Can anyone tell me the symptoms of melanomalous cancer? Thank you...

Updated on healthy 2024-05-04
26 answers
  1. Anonymous users2024-02-09

    Clinical signs]:

    1.The initial onset is the appearance of large pimples or nodules on the **, grayish-black or brown.

    2.The edge of the tumor is irregular, the pigment is uneven, the surface is hyperkeratinized, the hair is lost, it can ulcerate and bleed, and it is itchy and painful.

    3.Satellite nodules may appear around the tumour.

  2. Anonymous users2024-02-08

    Melanoma is mainly distributed on the surface, and its symptoms are mainly rapidly growing melanin nodules, which are initially manifested as melaninization, and over time, melanin will become very hard and itchy over time.

  3. Anonymous users2024-02-07

    This kind of **disease** will become very dark, **local spots will also appear, **there will also be decay, and **nodules will also appear if it is not timely**.

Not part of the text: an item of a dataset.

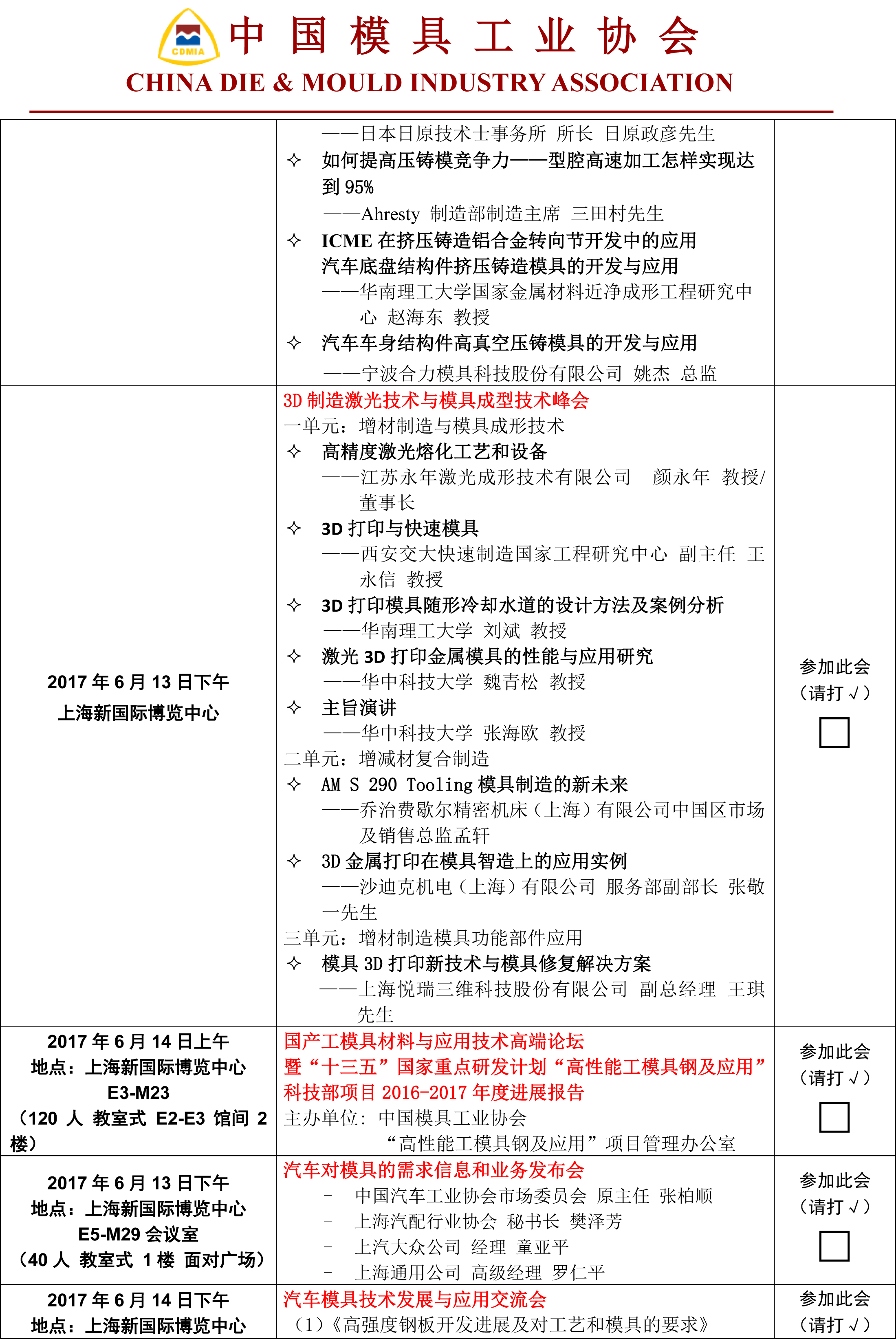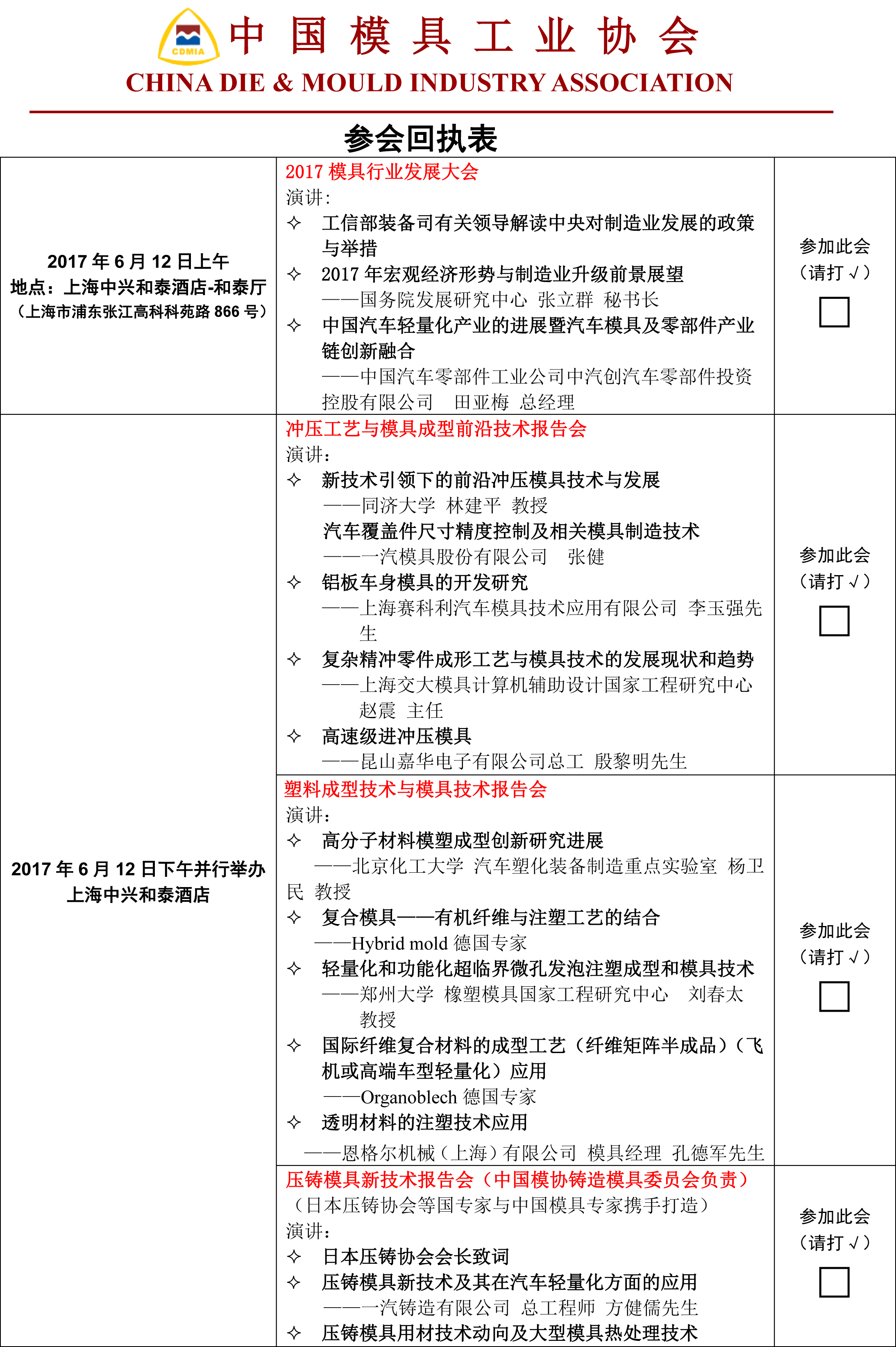 DMC2017同期活动参会回执表

  4. Anonymous users2024-02-06

    **Itching, there will be some moles on the body, vision is a little blurry, the body will be very painful, and if you find that there are black spots on your body, you should go to the hospital immediately.

  5. Anonymous users2024-02-05

    Melanoma occurs more often in middle-aged and elderly people, and it is more common in men than women.

    It is common to develop the lower limbs and feet, followed by the trunk, head and neck, and upper limbs. Symptoms are mainly melanonodules that grow rapidly.

    Melanosis may occur at the beginning of normal**, or pigmented nevi may be hyperpigmented and darkened, followed by expanding lesion damage, increased hardness, and itching sensation.

    Melanoma lesions may be raised, plaque-like, and nodular-shaped, while others may be mushroom-like or cauliflower-like. When it grows into the subcutaneous tissue, it appears as a subcutaneous nodule or lump, and if it spreads around, it appears as a stellate dark spot or small nodule.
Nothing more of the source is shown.